• _Source data_:
::::

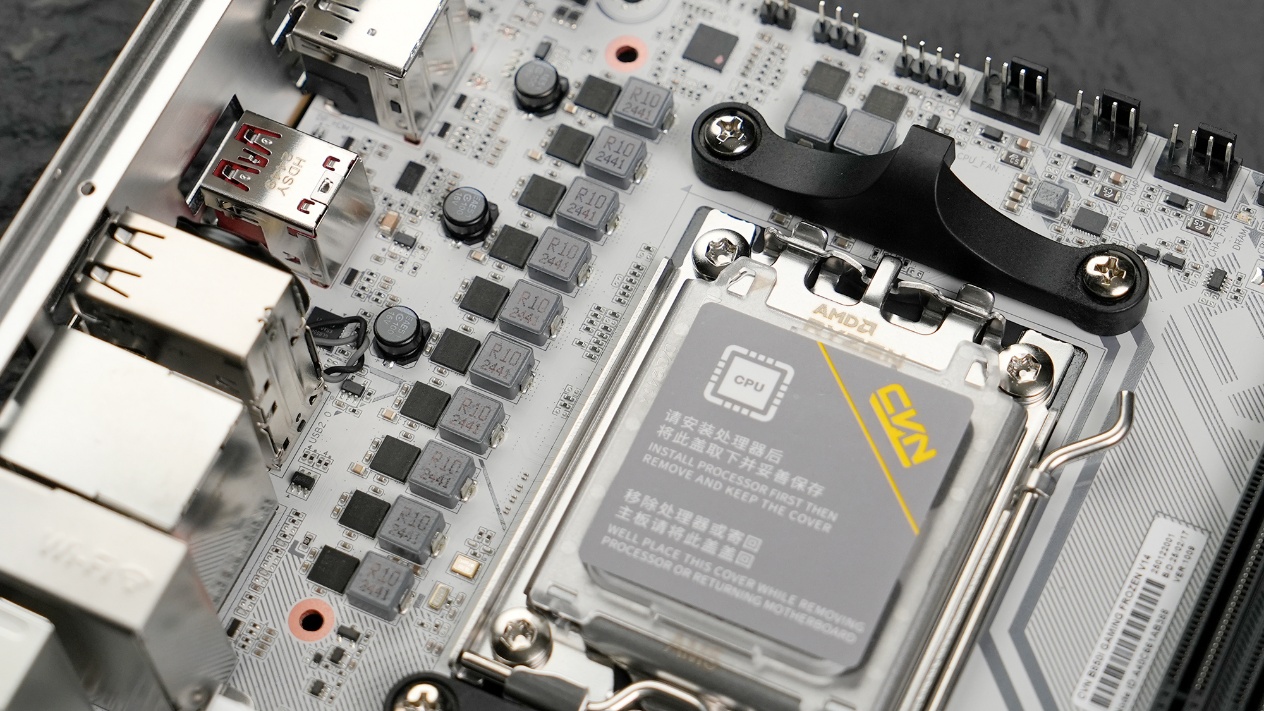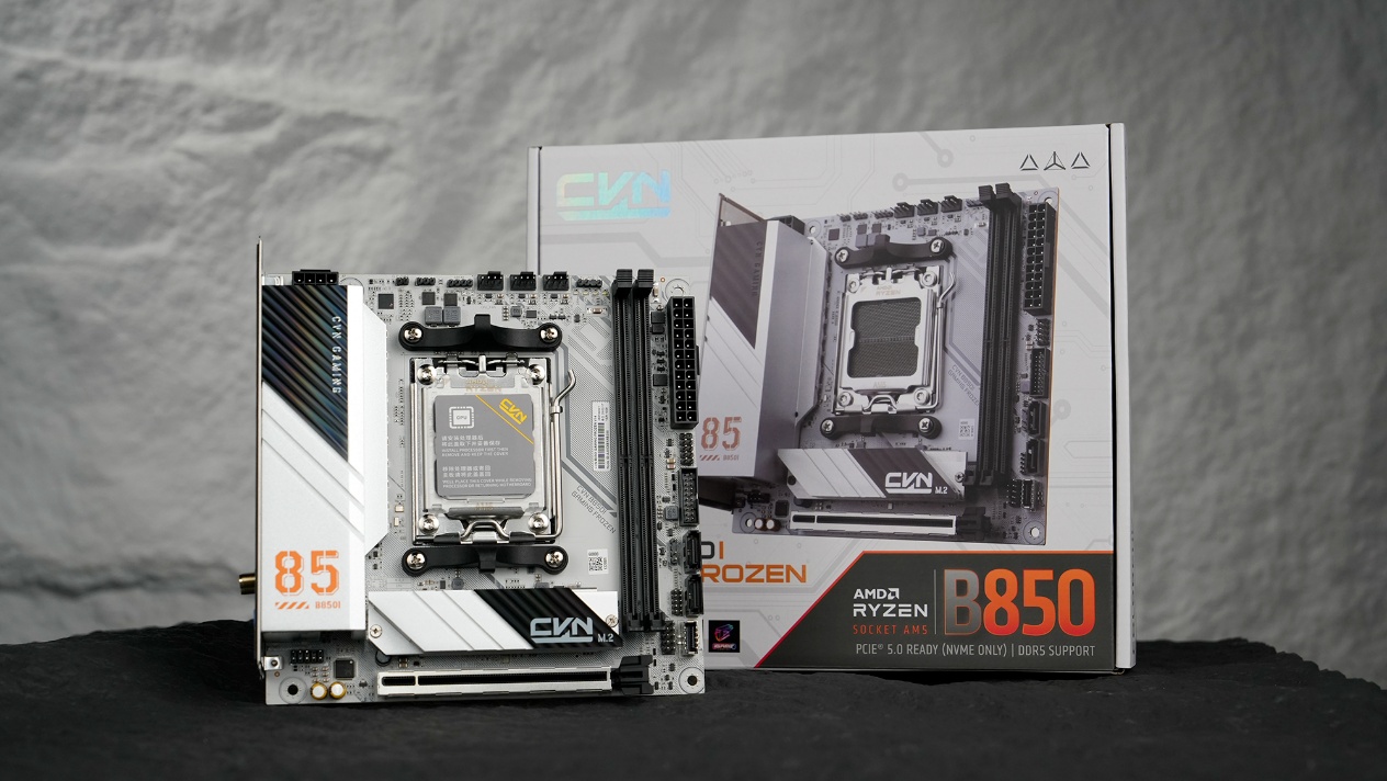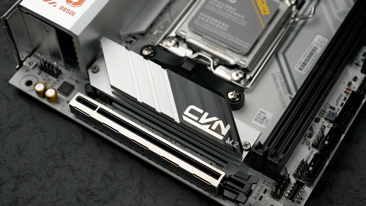 主板则是选择了七彩虹CVN B850I GAMING FROZEN登陆舰,延续CVN系列的军工设计风格和星舰元素,冷白色PCB与银灰色散热装甲结合,兼顾散热效率与硬核美感。
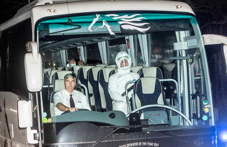 A spokesperson for Horseman Coaches said Government officials assured their staff that they didn’t need to wear protective clothing for the journey as the evacuees had already been quarantined for 8 days in China and allowed on board as they didn’t have any symptoms.
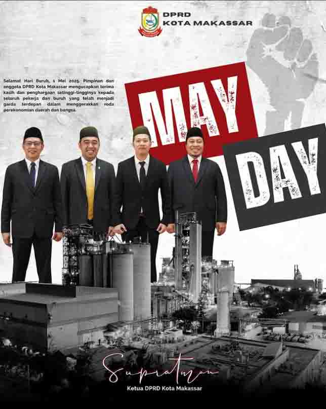 Dalam momentum Hari Buruh Internasional 1 Mei 2025, pimpinan dan anggota DPRD Kota Makassar menyampaikan ucapan selamat dan apresiasi kepada seluruh pekerja yang menjadi tulang punggung kehidupan sehari-hari, dari sektor formal hingga informal.

::::

• _Requirement_: Retype nothing except the lines from the first line of the listing above through the line with "A spokesperson for", exactly as they stand, and no pictures.

• _Answer area_:
 主板则是选择了七彩虹CVN B850I GAMING FROZEN登陆舰,延续CVN系列的军工设计风格和星舰元素,冷白色PCB与银灰色散热装甲结合,兼顾散热效率与硬核美感。
 A spokesperson for Horseman Coaches said Government officials assured their staff that they didn’t need to wear protective clothing for the journey as the evacuees had already been quarantined for 8 days in China and allowed on board as they didn’t have any symptoms.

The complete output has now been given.